● Available data:
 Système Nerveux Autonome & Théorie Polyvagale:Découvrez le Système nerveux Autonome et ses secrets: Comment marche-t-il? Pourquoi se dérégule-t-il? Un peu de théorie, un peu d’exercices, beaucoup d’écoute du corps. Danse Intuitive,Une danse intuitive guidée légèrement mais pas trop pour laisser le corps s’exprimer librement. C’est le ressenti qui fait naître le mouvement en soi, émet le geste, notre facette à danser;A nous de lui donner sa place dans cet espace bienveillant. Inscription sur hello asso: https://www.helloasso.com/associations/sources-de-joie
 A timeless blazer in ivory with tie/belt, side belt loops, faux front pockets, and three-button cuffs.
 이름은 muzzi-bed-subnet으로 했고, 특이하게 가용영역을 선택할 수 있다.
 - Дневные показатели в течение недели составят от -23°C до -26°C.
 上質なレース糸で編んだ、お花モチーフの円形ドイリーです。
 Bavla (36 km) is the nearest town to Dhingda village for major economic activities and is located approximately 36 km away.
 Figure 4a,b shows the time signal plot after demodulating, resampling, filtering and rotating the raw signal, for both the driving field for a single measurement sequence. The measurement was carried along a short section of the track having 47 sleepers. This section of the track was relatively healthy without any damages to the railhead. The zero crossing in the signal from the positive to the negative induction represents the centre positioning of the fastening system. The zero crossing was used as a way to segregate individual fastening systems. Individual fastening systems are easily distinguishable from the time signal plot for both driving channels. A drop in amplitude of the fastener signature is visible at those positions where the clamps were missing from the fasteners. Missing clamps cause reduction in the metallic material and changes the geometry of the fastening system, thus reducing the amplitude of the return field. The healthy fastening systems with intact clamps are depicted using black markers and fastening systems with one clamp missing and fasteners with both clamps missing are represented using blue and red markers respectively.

--

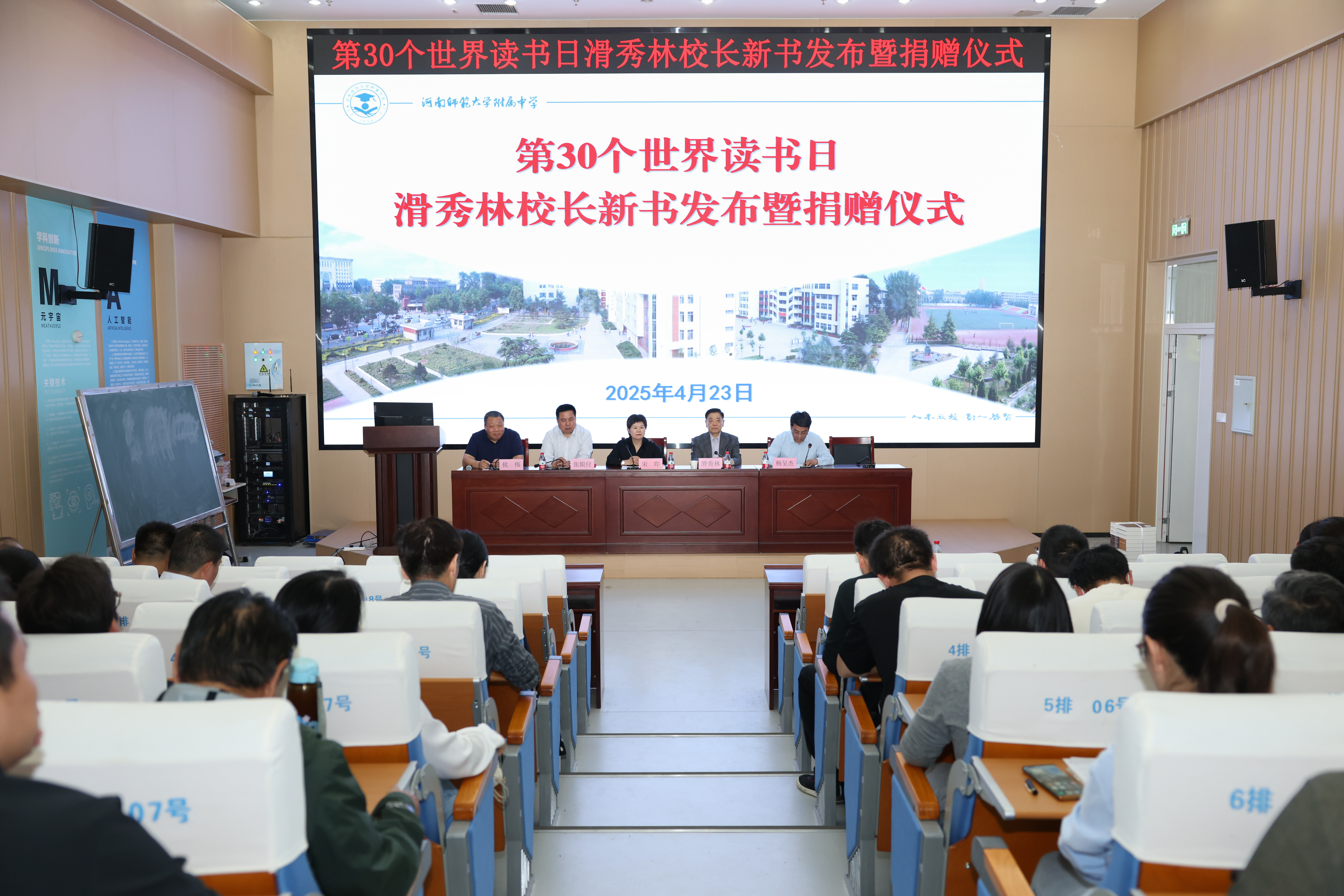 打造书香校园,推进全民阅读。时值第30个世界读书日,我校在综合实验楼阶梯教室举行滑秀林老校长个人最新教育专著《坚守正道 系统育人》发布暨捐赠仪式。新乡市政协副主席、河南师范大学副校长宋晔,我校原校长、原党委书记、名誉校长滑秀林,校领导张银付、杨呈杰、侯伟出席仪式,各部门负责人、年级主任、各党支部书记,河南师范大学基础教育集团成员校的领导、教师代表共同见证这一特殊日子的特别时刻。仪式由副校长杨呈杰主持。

● Required action: The entries above hold a line with "- Дневные показатели" and a later line with "Figure 4a,b shows". Write out exactly those lines and all lines between, nothing more.

● Result below:
 - Дневные показатели в течение недели составят от -23°C до -26°C.
 上質なレース糸で編んだ、お花モチーフの円形ドイリーです。
 Bavla (36 km) is the nearest town to Dhingda village for major economic activities and is located approximately 36 km away.
 Figure 4a,b shows the time signal plot after demodulating, resampling, filtering and rotating the raw signal, for both the driving field for a single measurement sequence. The measurement was carried along a short section of the track having 47 sleepers. This section of the track was relatively healthy without any damages to the railhead. The zero crossing in the signal from the positive to the negative induction represents the centre positioning of the fastening system. The zero crossing was used as a way to segregate individual fastening systems. Individual fastening systems are easily distinguishable from the time signal plot for both driving channels. A drop in amplitude of the fastener signature is visible at those positions where the clamps were missing from the fasteners. Missing clamps cause reduction in the metallic material and changes the geometry of the fastening system, thus reducing the amplitude of the return field. The healthy fastening systems with intact clamps are depicted using black markers and fastening systems with one clamp missing and fasteners with both clamps missing are represented using blue and red markers respectively.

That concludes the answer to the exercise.